Soundproof windows can come in extremely handy depending on what area of the globe you live in. Residing in a secluded home deep in the forest wouldn’t require the need for windows to be soundproofed. On the opposite hand, living in the heart of New York City where the noise is never-ending or even a busy side street in Nashville, Tennessee, might motivate you to research the benefits of purchasing a few soundproof windows for a better night’s sleep.
Soundproof windows aren’t the “fix-all” for days you can’t seem to find some peace and quiet. These windows help minimize the unwanted sounds happening outside, but don’t completely mute every frequency. There are, however, some steps you can take to help your soundproof windows do their job. We have listed some ways to help below.
Behind the Noise
There are two different ways that noise typically travels. One way is through the air and the other is through materials. The most common way external noise is measured is by the Sound Transmission Class (STC). Most windows today have STC ratings and a common number to see is 26. The glass used in many common windows is typically 3mm thick. Purchasing a window with multiple window panes will increase the sound resistance from outside.
So how do these windows work? In order to reduce the sound, a window works by slowing the transfer of sound waves. The quicker the sound travels, the louder it may seem. When the transfer is slowed down, the frequency won’t be as loud. Another way to reduce the sound transfer is by absorbing it. Windows can be built to do this by increasing the air space between glass panes or the thickness of the glass.
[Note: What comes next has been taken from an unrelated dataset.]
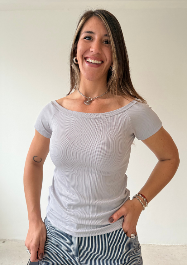 • Remera manga corta. El modelo se puede usar de 2 maneras distintas: con la manga en los hombros, tipo escote paisana. O con las mangas subidas con un escote tipo bote. Super versátil y se adapta a la comodidad de cualquier cuerpo.

There are many different ways to improve the sound-proofing in your building in regards to the windows. The first, most obvious option would be to invest in a double or triple-pane window versus a single. The upgrade from single to double allows for more space to capture the sound frequencies and reduce sound pollution in your building.
Single, Double or Triple-Pane?
So which one is best; single, double or triple-pane? Single-pane windows are less likely to reduce sound because they don’t provide as much space and glass as a double or triple-pane window would. A double-paned window is a bit better but the most efficient window you could buy to prevent sound would be a triple-pane window. More glass allows more space for sound absorption.